From the Guidelines
For a patient with worsening tendon xanthomas despite cholesterol-lowering medication, I recommend intensifying lipid-lowering therapy by adding ezetimibe 10 mg daily to the current statin regimen, as this has been shown to reduce ASCVD risk by 2 percentage points 1. If the patient is already on combination therapy, consider adding a PCSK9 inhibitor such as evolocumab (140 mg subcutaneously every 2 weeks) or alirocumab (75-150 mg subcutaneously every 2 weeks), as these have been found to reduce LDL-C levels by ≥50% and are well-tolerated in patients with familial hypercholesterolemia 1. The presence of tendon xanthomas with a family history suggests familial hypercholesterolemia (FH), a genetic disorder causing severely elevated LDL cholesterol levels. FH often requires multiple medications to achieve adequate LDL reduction. Target LDL levels should be <70 mg/dL or even <55 mg/dL for very high-risk patients, as recommended by the 2018 American Heart Association/American College of Cardiology/Multisociety Cholesterol Guideline 1. Worsening xanthomas indicate inadequate lipid control, so more aggressive therapy is needed. Additionally, ensure the patient is adherent to the current medication regimen and following a low-saturated fat diet. Consider genetic testing to confirm FH diagnosis and cascade screening for family members. Referral to a lipid specialist may be beneficial for optimizing therapy in this challenging case.
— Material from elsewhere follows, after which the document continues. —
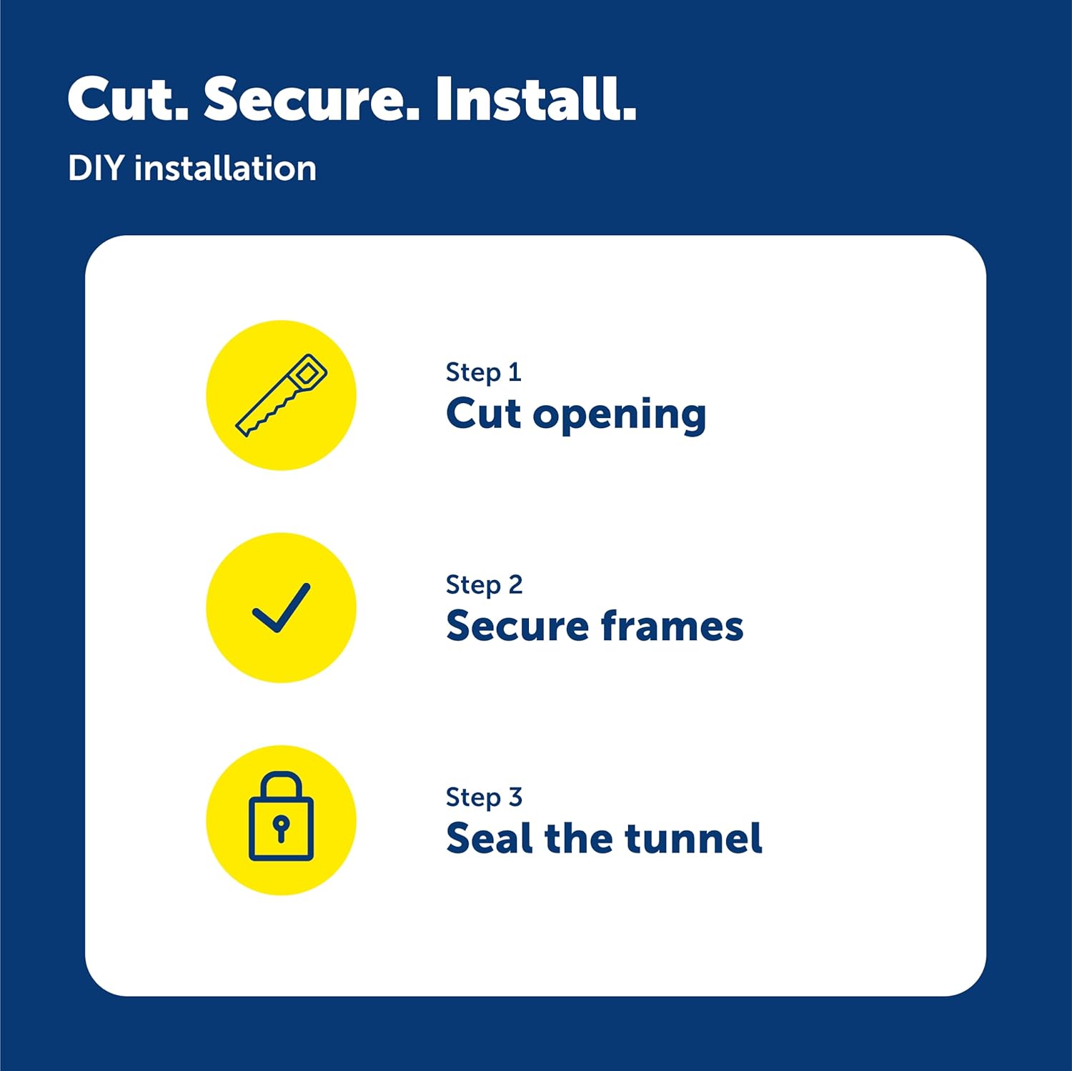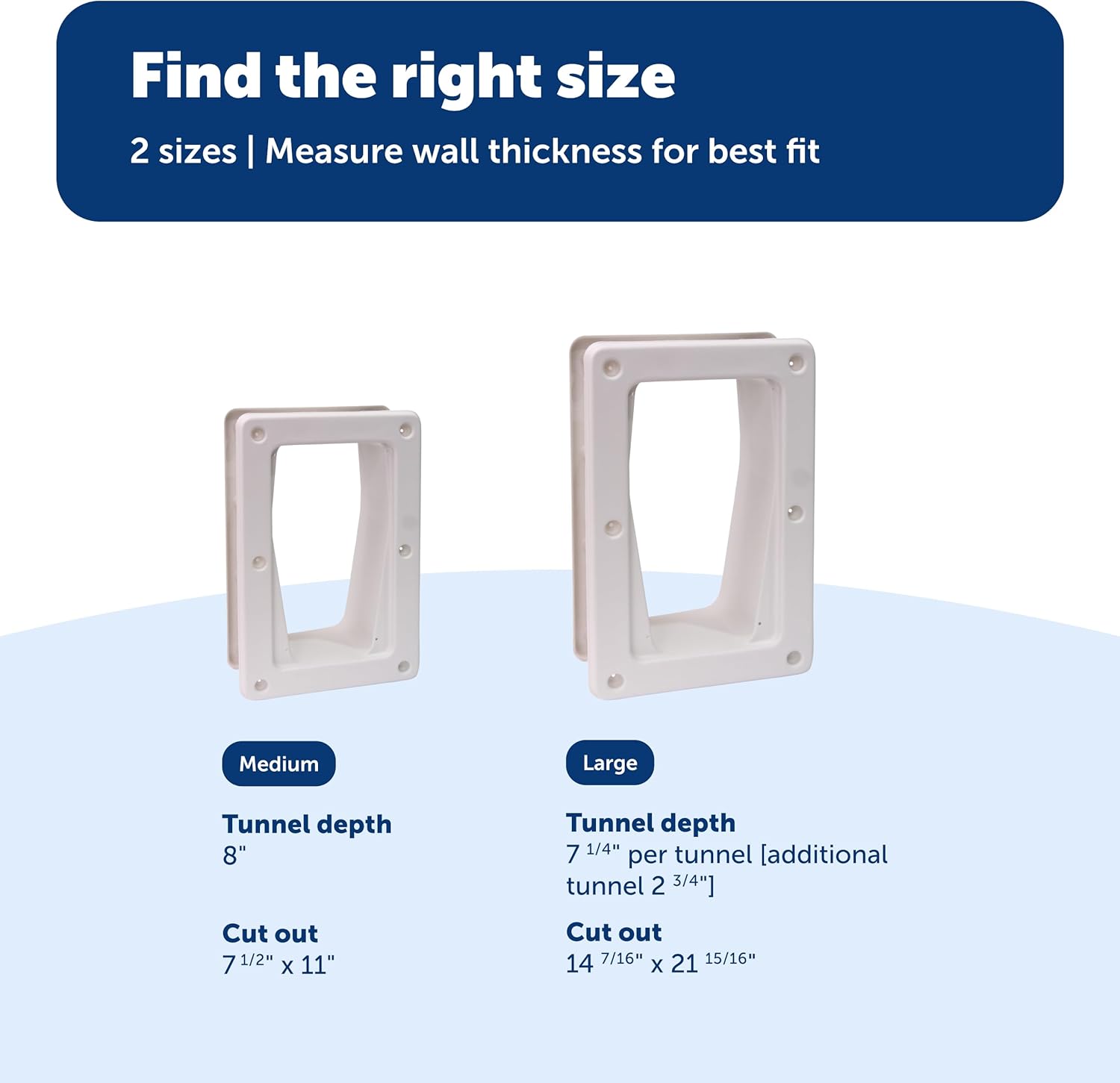 The PetSafe Electronic Pet Door Wall Conversion Kit offers pet parents an easy way to expand the placement of their electronic pet doors, allowing them to install in a variety of wall types while maintaining reliable performance and durability. This conversion kit is specifically designed for use in traditional framing and drywall construction, such as 2x4 or 2x6 walls, making it simple to add safe pet access in more locations throughout your home. For brick installations, the outdoor cutout is recessed to fit the frame securely, giving you more versatility for both indoor and outdoor placement. With this kit, small electronic pet doors can be installed in walls up to 8 inches thick, while large doors can fit walls up to 7 1/4 inches. For even thicker walls, extension tunnels are available separately, each adding 2 3/4 inches to the depth. The telescoping design makes adjustments quick and straightforward, giving you the ability to create a custom fit wall passage that matches the specific dimensions of your home. The durable construction ensures lasting performance while maintaining the security of your electronic pet door, so your furry family member can move freely between spaces while you enjoy peace of mind. Since 1988, PetSafe has been driven by a simple belief: safe, healthy pets lead to happier lives for pets and their families. For over 25 years, we've been dedicated to enhancing the lives of pets and the people who love them, treating every pet as a cherished family member and delivering life-changing innovations designed to enrich every moment. With U.S. roots and a global reach, our vet- and trainer-recommended products are built for every pet and backed by exceptional customer support. From backyards to dog parks, we're on a mission to create fields of joy for happy, healthy, and safe pets.

Some key points to consider in the management of this patient include:
- The use of combination therapy with statins and ezetimibe has been shown to be effective in reducing ASCVD risk 1
- PCSK9 inhibitors are a reasonable addition to maximally tolerated statin and ezetimibe therapy in patients with severe primary hypercholesterolemia and LDL-C ≥ 100 mg/dL 1
- The management of severe primary hypercholesterolemia requires a comprehensive approach, including lifestyle modifications and pharmacotherapy 1
From the FDA Drug Label
The provided drug labels do not directly address the management of worsening tendon xanthomas in a patient with familial hypercholesterolemia (FH) who is already on cholesterol-lowering medication.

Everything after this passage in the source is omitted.